There are two vital, yet conflicting, policy considerations that are identified by the majority of the bench. Chief Justice McLachlin signals the first policy consideration in the opening words of the decision: “sexual assault is an evil.” Indeed, it is an evil, and one that disproportionately affects those with limited mental capacity. There exists, as a result, a pressing social need to bring to justice those who sexually abuse vulnerable people. Not only are victims like K.B. targeted more often, but it is much more difficult to include their voice in the legal process; “they lack the capacity to articulate in abstract terms the difference between truth and a lie and the nature of the obligation imposed by promising to tell the truth” (66).

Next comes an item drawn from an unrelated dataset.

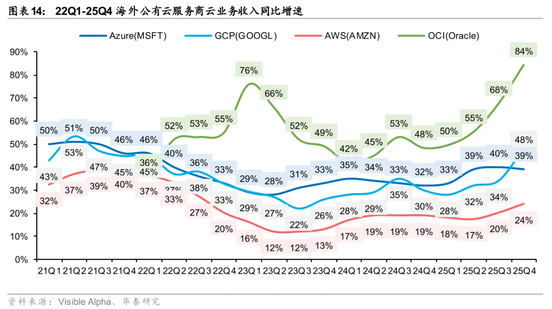 海外科技公司25Q4业绩持续披露,多数公司上修CY26Q1收入指引。25Q4 海外AI应用公司业绩基本超市场预期,CY26Q1收入指引呈小幅上修状态。1)AIInfra:云厂商业绩呈加速兑现趋势,Google、Oracle、Amazon云业务边际显著改善,云业务营收同比增速分别为48%、84%、24%,增速相较于25Q3环比提升14、16、4pct;2)基础软件:SaaS悲观预期下,CDN、数据服务等厂商存在较大错杀概率,主要原因在于到此类厂商多采用消费型计费,存在较低的席位下降风险;3)应用软件:模型厂商Anthropic在26年2月24日产品发布会上表示,“模型厂商与软件厂商是合作而非竞争关系”,介绍了其推出的Claude Cowork AI软件与DocuSign、LegalZoom、Salesforce等应用的数据协同;美股SaaS受模型吞噬的悲观预期略有缓解,核心关注26年应用软件的Agent放量节奏。

Given their precarious position and the stigma surrounding these crimes, a reading of s. 16(3) in this way may make it impossible to bring justice to these victims, according to the majority. The harms to the individual, her family and her friends do not stop there. But, it may not be necessary to amplify this point any further.
A conflicting policy consideration takes the perspective of the accused – particularly, his right to a fair trial. The common law of evidence has erected numerous safeguards that offer ample protection against the risk of wrongful conviction. Reliability is the minimal threshold that must be met before submitting evidence before a judge or jury. Evidence is, at best, reliable – not guaranteed to be truthful. Even a person with average or above-average mental abilities may be untruthful on the stand; she either lies or has forgotten or mistaken certain pieces of information. What the trial process seeks is a basic indication of reliability. After that point, the witness’s evidence can be tested by cross-examination. While on the stand, the trier of fact can assess the demeanor of a witness. Together, the trier of fact can determine whether or not to accept all, part or none of her testimony and, above all, determine the weight to accord to her evidence.
There is certainly a trend in the law of evidence in Canada that would prefer to admit more evidence at the early stages, thereby placing more emphasis on the weighing of evidence. As cases like Kahn have warned us, cases involving children and adults with limited mental capacity struggle to make it to court for a myriad of reasons. By placing high demands on these vulnerable groups, we continue to leave them on the fringes of society, and of the legal system.